I had un délicieux croissant au beurre et une centaine de grammes de fromage. And then I kept seeing windows with more pastries and chocolates and meringues and other things that I don’t even know the name of but they looked sweet and potentially creamy. And I walked past pizza places and pommes frites and I didn’t feel like them either. So in the end for lunch I had some fresh baby radishes, cheese, baguette and ham and some strawberries. I had a snack of yoghurt in the afternoon. And for dinner I ate the rest of my radishes with a green salad and tuna.



Doctors tell me occasionally (only occasionally – it would probably be more often if they thought I’d listen) that I should eat less fried chicken and more vegetables and get more exercise. I think I’ve found the answer Doc! Just write me up a prescription for living in Paris.

Having said that tomorrow is a new day.
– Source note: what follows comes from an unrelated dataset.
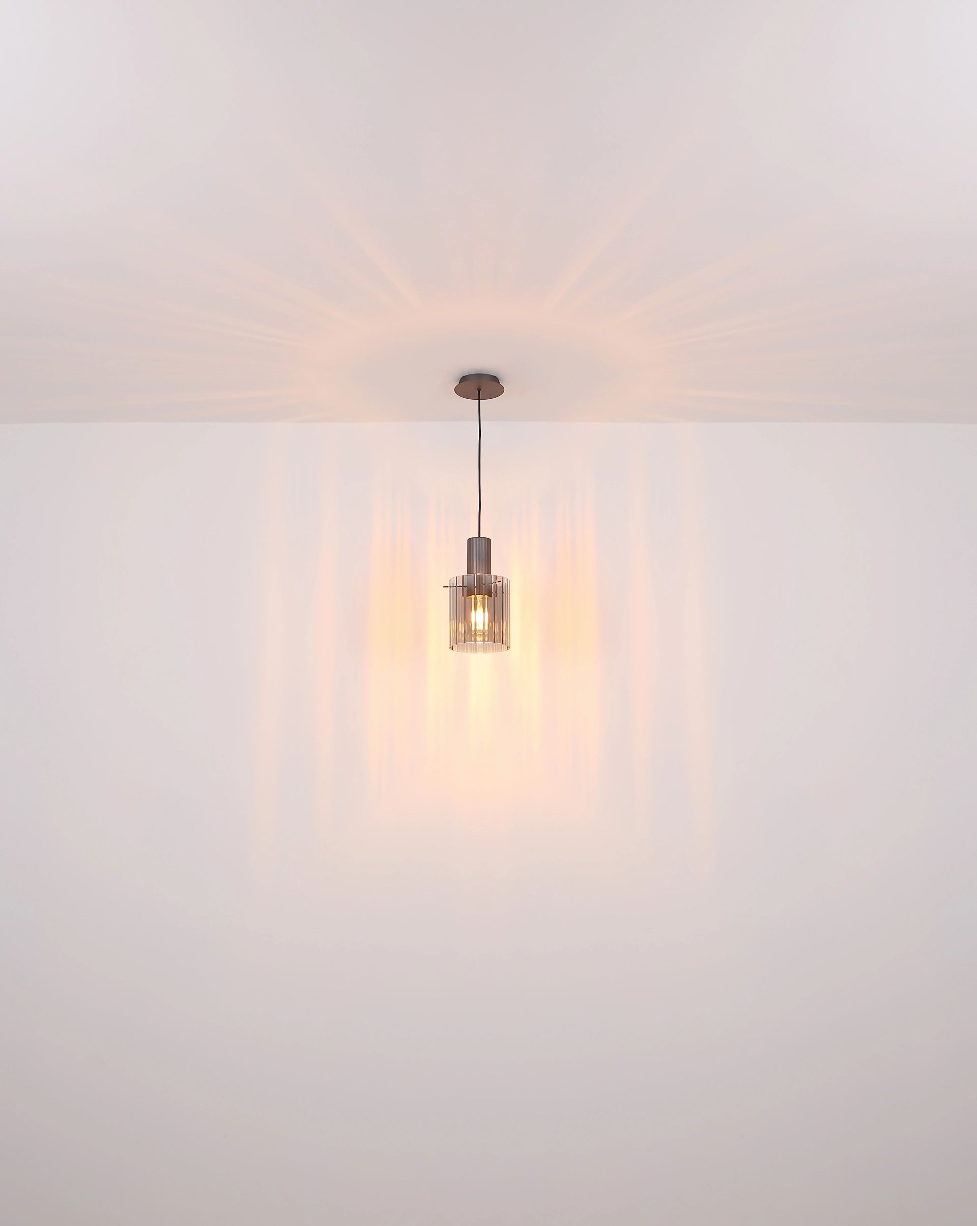Deze stijlvolle en moderne hanglamp met een donkergrijs metalen pendel is de ideale verlichting voor jouw huis. De ronde, cilindervormige glazen kap met een rookkleurige uitstraling is versierd met elegante groeven, wat de lamp een verfijnde look geeft. Deze structuur zorgt voor een aangename en gelijkmatige lichtverspreiding. Met een diameter van 180 mm biedt de kap plaats aan een E27-lamp tot 40 watt, waardoor je voldoende keuzemogelijkheden hebt voor jouw favoriete verlichting.

And while I fully intend for there to be lots of walking and maybe even a bike ride there will probably also be some new pastry I will immediately need to eat four more of. And cheese. There will always be cheese in my life.
Now I’m nestled into my dorm room bunk bed. My roommates seem nice. I’m adding the words ‘like’ and ‘totally’ into more sentences in the hopes that they won’t realize I’m a million years older than them. I may still earn their disdain with a remarkable effort of snoring throughout the night.

I’ll try to post again soon and often after that, although knowing me that could mean it will go either way. And I will add some photos once I can find the cord that connects my camera to my laptop (I have taken some Mum!)

And new candid statement on how I'm feeling: tired but good.